Above the tracks of Liverpool Street Station, Exchange Square is a unique, tranquil new park within the urban heart of London. As natural light fades, a balance of beautifully integrated light and retained darkness reveals the multi-level topography and curved landscape features while supporting intuitive wayfinding, ease of access, and promoting social connection. The lighting design focuses on enhancing the organic and sensory aspects of the park design, playing up the natural textures and changing colours of the planting and the movement of wind and water, aiming to encourage people to slow down, breathe, and enjoy a moment of respite from the hard granite of the city surrounds.

A key project from the Broadgate Public Realm Framework for British Land, the park is a soft, bucolic environment that prioritises the wellbeing of both people and plants and is open access, marking an important milestone in their journey from an office-led campus to a truly mixed-use, creative environment.

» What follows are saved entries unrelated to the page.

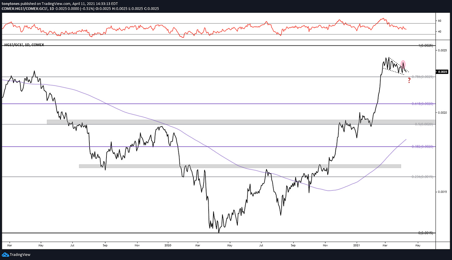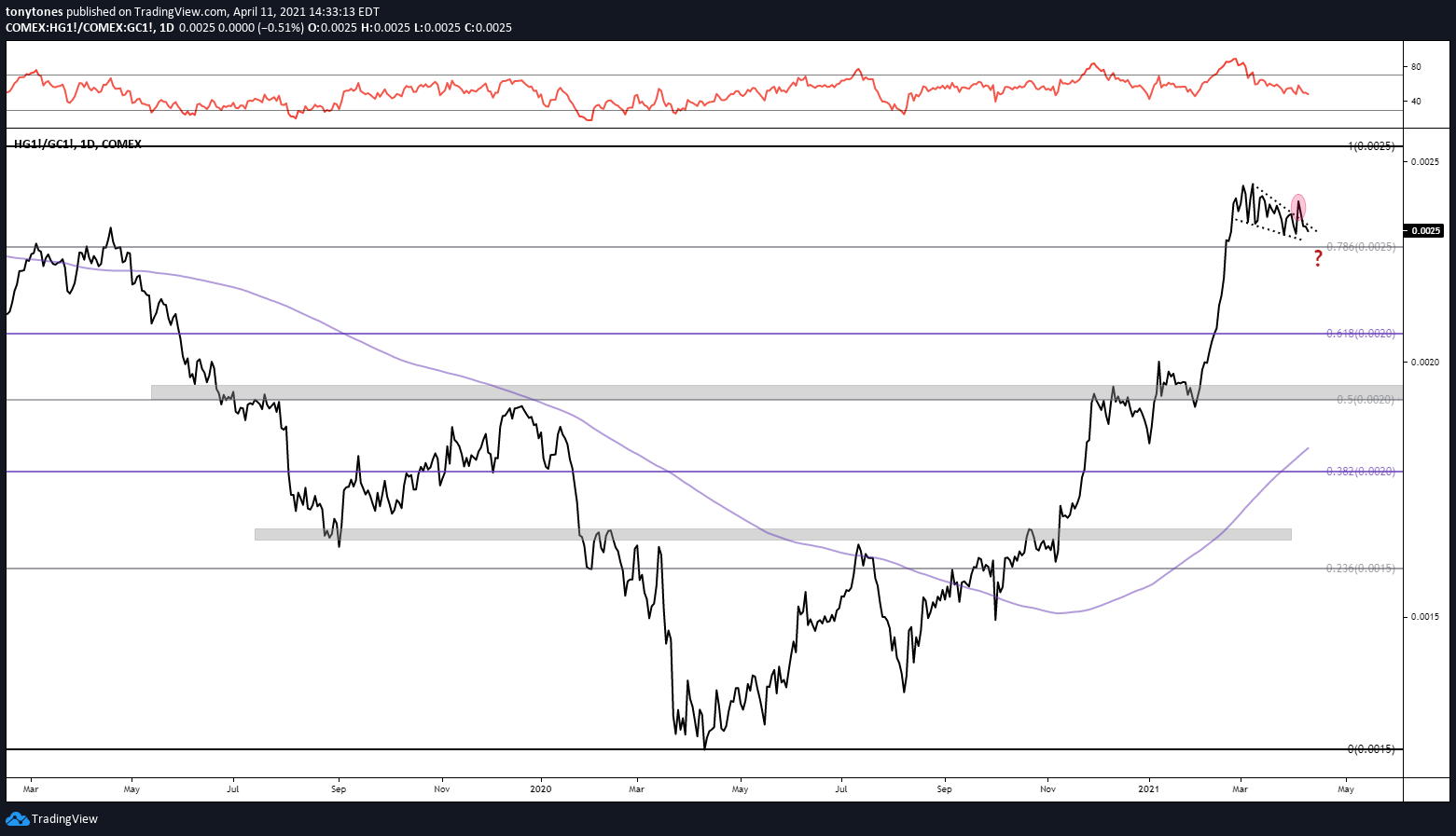 Using the relative chart of Copper Futures ($HG1!) versus Gold Futures ($GC1!) as a proxy for the US10Y, we can see a failed bull flag break upwards and some choppiness since. A lower move in this relationship implies a lower 10-year Treasury rate.
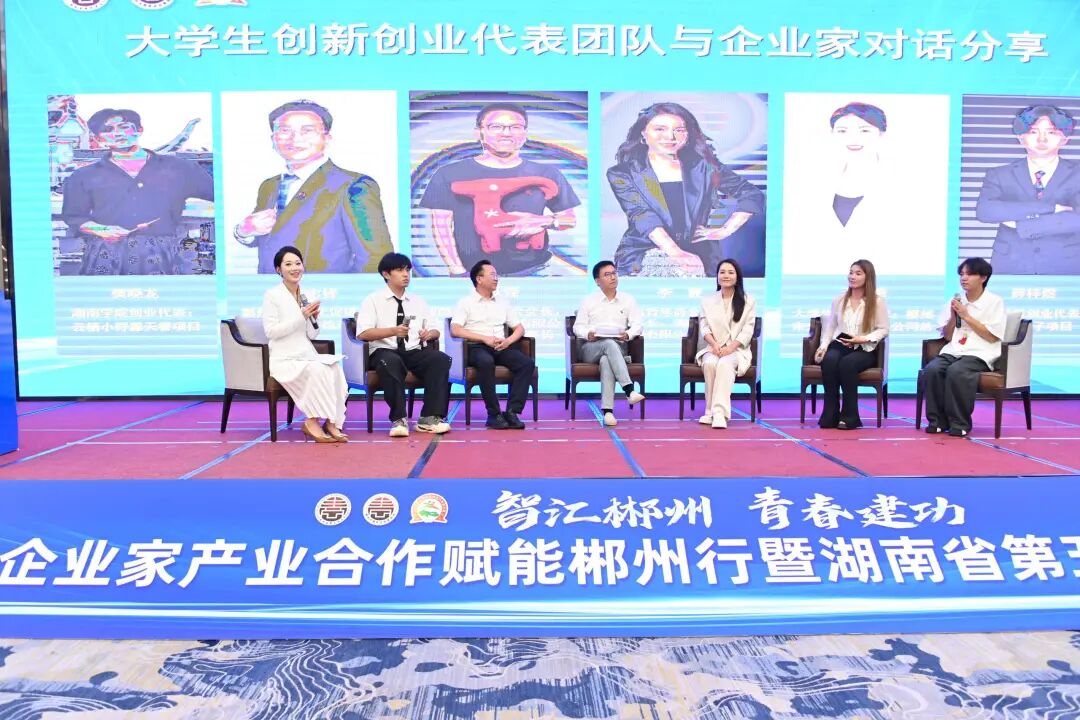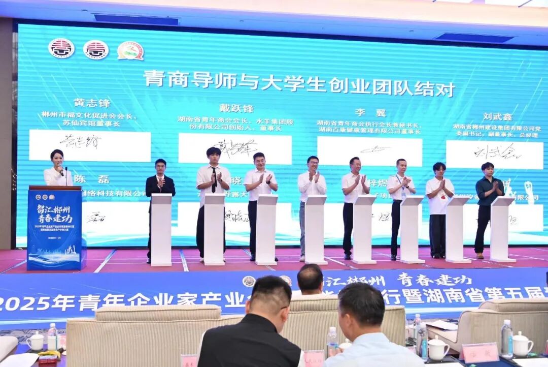 02 助力大学生创新创业暨2025年青商“大家谈”——智创未来:青年企业家在AI时代下的机遇 郴州市政协党组书记、主席陈跃文致辞。 在助力大学生创新创业暨2025年青商“大家谈”环节,湖南省青年商会会长、水羊集团股份有限公司董事长戴跃锋,湖南省青年商会执行会长、秘书长,湖南百康健康管理有限公司董事长李翼,苏仙宾馆董事长黄志峰三位成熟企业家代表围绕“智创未来:青年企业家在AI时代的新机遇”主题,与湘南学院创业代表、郴州长卷“喝个锤子”饮品店主理人薛梓煜,伟业板材总经理、郴州市青商会副会长王艳,湘南学院创业代表、非遗露营云栖小野餐酒吧负责人樊晓龙三位大学生创新创业代表进行了对话交流,充分发挥成功企业家的经验和资源优势,为青年创业者搭建施展才华、建功立业的广阔平台。 通过深度对话,青商导师与大学生创业团队进行了结队帮扶签约,助力大学生创新创业项目落地与发展,激发合作新潜能,绘就大学生“背着双肩包、创业到郴州”的美好图景。
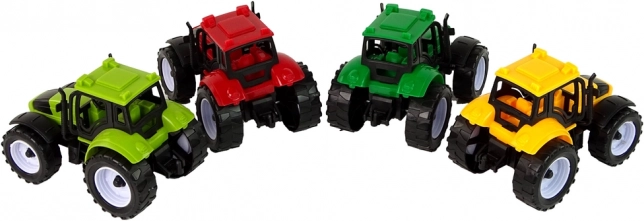Komplektā ir traktori četrās krāsās: tumši zaļa, gaiši zaļa, oranža un sarkana.
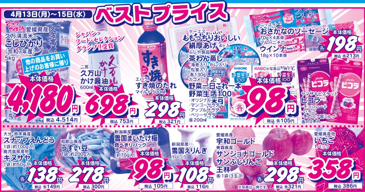 【松山生協│チラシ】4/9(木)~4/15(水)|お得な商品をチェックしよう!
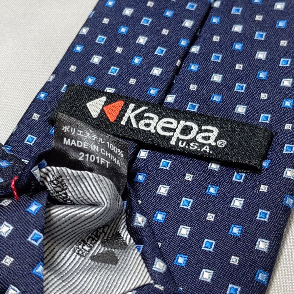 ケイパ Kaepa 美品 未使用品 微光沢 ネクタイ ポリエステル100% ブロックドット柄 濃紺系 ネイビー系 I-008904
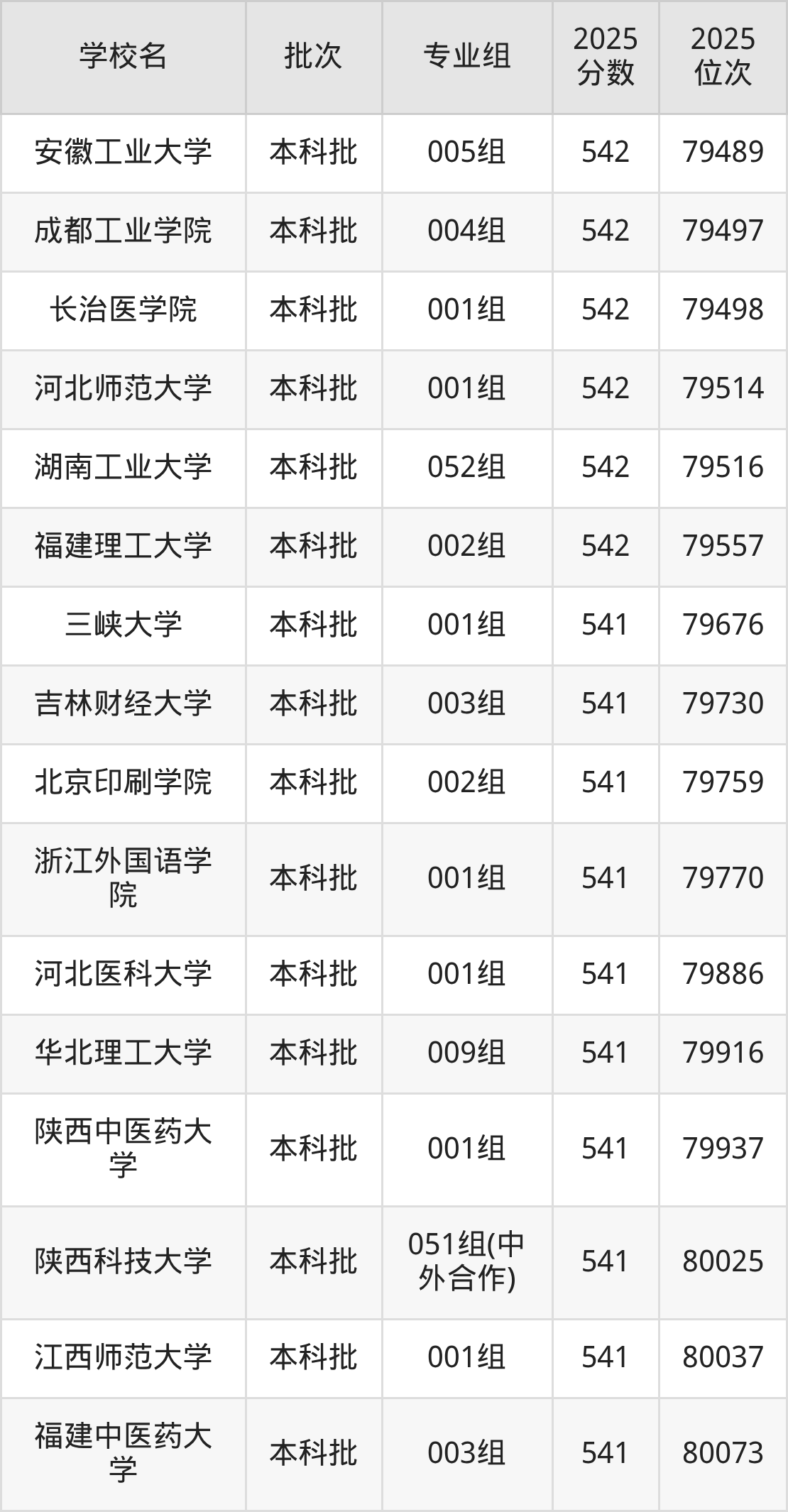 2025年安徽高考物理类542分(78452名~79575名)能上的大学有长春大学003组、长治医学院001组、长治医学院003组、成都工业学院004组等。
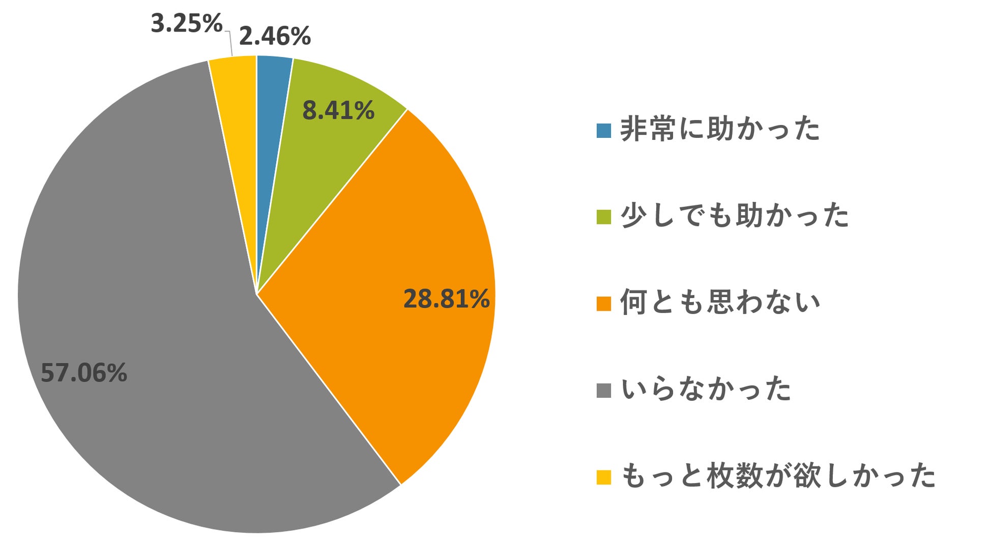「前回アベノマスクが配布された時どう思いましたか。」に対し、「非常に助かった 2.46%」「少しでも助かった 8.41%」「何とも思わない 28.81%」「いらなかった 57.06%」「もっと枚数が欲しかった 3.25%」と回答。
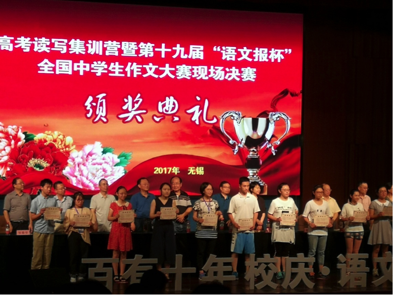 在有105万余名选手激烈角逐的第十九届“语文报杯”全国中学生作文大赛(高中组)初赛中,我校高一的杨沁,高二的冯筱雨、金璐、朱兆祥四位学生顺利入围“语文报杯”作文大赛的现场决赛。728日,在语文组张璇老师的带领下,一行人前往江苏无锡参加这次比赛。
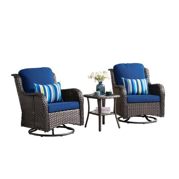 Clario 3-Piece Wicker Outdoor Rocking Chair Patio Swivel Chair Set with Navy Blue Cushion, Side Table for Backyard

Much of the lighting is kept at a low height, preserving a warm and intimate ambience that encourages increased dwell time and easy social interaction. At the perimeter, light for circulation is provided from columns at a human scale, while low-level bollards reveal the internal routes and softly highlight the low-level planting.

Across the site, the landscape elements softly glow with elegantly integrated light, contrasting with the areas of retained darkness to improve legibility and facilitate a sense of security while supporting the park’s ecology and biodiversity.

The dark metal vertical face of the meandering ‘ribbon’ retaining wall that runs through the park is revealed with an even wash of light, while the slatted timber benches that sit up above the wall are lit from beneath. Slots cut into the faces of the terrazzo step seating also contain hidden light sources, generating mesmerising patterns and ever-changing ripples within the water feature.

The tallest elements in the park are two rows of mature silver birch trees lit from within to create shifting patterns of rustling foliage and branches on the ground. The colour of the light adjusts tonally with each season, with warmer white light enhancing the rich autumn leaves and bare wooden branches in autumn and winter and fresher, cooler, white light celebrating the green buds and vibrant leaves of spring and summer.